Of course, with our Qdabra Web service (trial is free), it's trivial. Just set the Document Level permissions based on a field in your form (for example, current assignment and manager's alias) and pull manager info from AD. Then, put a dataview on the SharePoint site that calls the Web Service to list documents available to current user. One Form Library for all users and two sets of permissions (one for manager and another for assignee) and config the form to set those on new. I'm guessing it would take an hour.

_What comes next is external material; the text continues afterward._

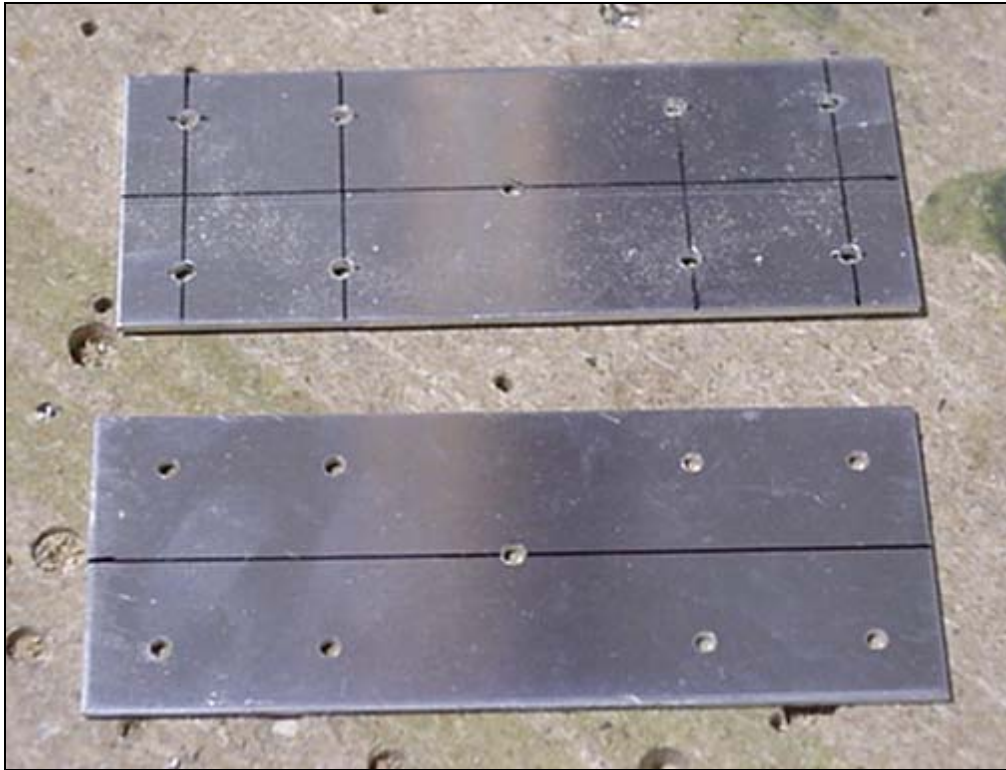
7F7-8C Channel Doubler

Layout the center line and drill a center hole. Then layout four holes on each side of the center hole. The center hole will be opened to 5/8" hole later.

We need to put a how-to video together that shows off this scenario. Anyway, if you'd like to be a testimonial for Qdabra (and beta tester for new stuff), let me know and we can see about doing a special deal for you. Of course, you'll need to have access to the SharePoint server to install the Web Services.

Take care!

I think that ItemPerms and XAML using C# is quite an efficient approach to Item Level Permission on Share Point Lists and libraries. You can set up your list to add a web reference to your C# ItemsPerms file and link it to your InfoPath Form fields respectively. In addtition,  InfoPath provides a code editor for integration of user finely-tuned controls with XAML design viewer for Item level permissions on a per item basis within your Share Point List. I think that end users need to be able to unit test the documents permissions at a site level however, client-based applications are certainly the best for customer credibility. From a developer's persective, when you can actually see the web references connecting to the user controls and allocating permissions in this manner, it certainly provides a very productive web application for your clients.